Поворот к нейтральному взгляду был обусловлен отказом от наивной веры в возможность объективно описывать реальность при помощи фотоизображений, а также осознанием того факта, что попытка говорить от имени угнетенных приводит к узурпации автором властной позиции. Выявление этой схемы полностью дискредитировало «гуманистическую фотожурналистику», методология которой почти полностью основывалась на «решающем моменте».

Сегодня я бы говорил не о решающем, а скорее об упущенном моменте как о сущности фотографического.

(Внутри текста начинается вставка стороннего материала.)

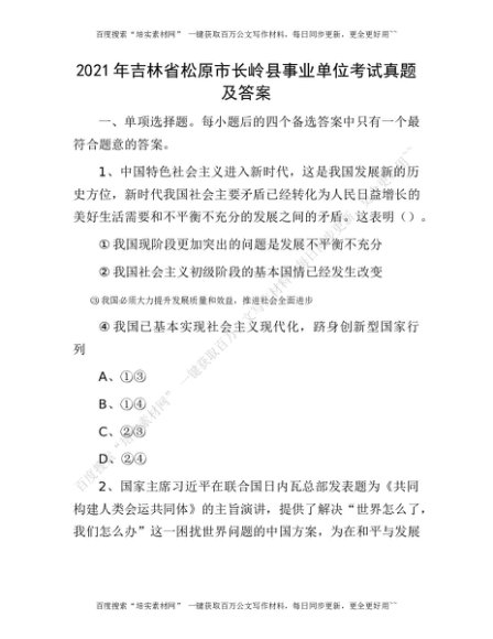 2021年吉林省松原市长岭县事业单位考试真题及答案[更多资源请百度搜索“培实素材网”]

Немного позже еще одним из способов добиться отстраненности (или, по Шкловскому, «остранения») становится постановочная фотография, своим зарождением во многом обязанная традиции документации художественных перформансов. Фотограф в этом случае документирует не реальное событие, а некое перформативное действие, порой изображающее довольно обыденные ситуации, и здесь именно «постановочность» помогает увидеть эти ситуации по-новому, как будто в первый раз.

И я готов согласиться с тобой: поиски нейтрального взгляда, свободного от эмоциональных манипуляций, действительно сводят «решающий момент» к простому механистическому действию — нажатию кнопки или спуску затвора.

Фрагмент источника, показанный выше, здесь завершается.